Dengan asumsi bekerja selama 12 jam sehari di luar waktu tidur, makan, minum dan aktivitas personal lainnya, maka pembahasan UU Cipta Kerja telah memakan waktu selama 1.908 jam. Rata-rata hampir 11 jam untuk perumusan setiap pasal baru dan 1,5 jam untuk memeriksa setiap pasal lama dalam 79 UU lainnya dikoreksi. Bersamaan dengan itu, setiap jamnya dibahas 4 poin isu yang ada di dalam Daftar Inventarisasi Masalah (DIM), cukup 15 menit saja untuk setiap poin isu.
Dengan asumsi-asumsi itu saja pembahasan UU Cipta Kerja sudah sangat layak dimasukkan dalam MURI, apalagi jika asumsinya diturunkan dengan tetap menghitung hari raya, hari libur nasional dan tidak bekerja 12 jam setiap harinya, bisa jadi layak juga diusulkan untuk masuk dalam The Guiness Book Of Records.

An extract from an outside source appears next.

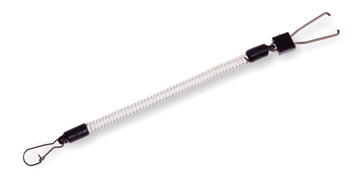 Molla in materiale plastico durevole con clip e moschettone. Utilissima per agganciare qualsiasi utensile, scatola o altri accessori al gilè o ai pantaloni.
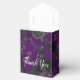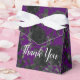Our black and purple floral rose gothic wedding favour boxes are made to match out Gothic Purple & Black Rose Wedding Collection. Dark black and deep purple contrast with an abundance of dark floral motifs. Script font paired with serif font, lends to an artistic look that matches well with gothic style.

Saya bukan akademisi maupun praktisi hukum yang memahami apalagi ahli dalam urusan “legal drafting”, karena itu saya sangat menaruh kagum pada kemampuan anggota parlemen yang mampu bekerja dengan begitu amat cepatnya. Saya juga bukan seorang guru besar yang memiliki kompetensi akademik terkait dengan salah satu atau salah dua dari 11 klaster dalam UU Cipta Kerja, apalagi sampai dengan tulisan ini dibuat saya belum mendapatkan versi utuh UU ini sebagaimana yang disahkan dalam paripurna DPR-RI tanggal 5 Oktober kemarin.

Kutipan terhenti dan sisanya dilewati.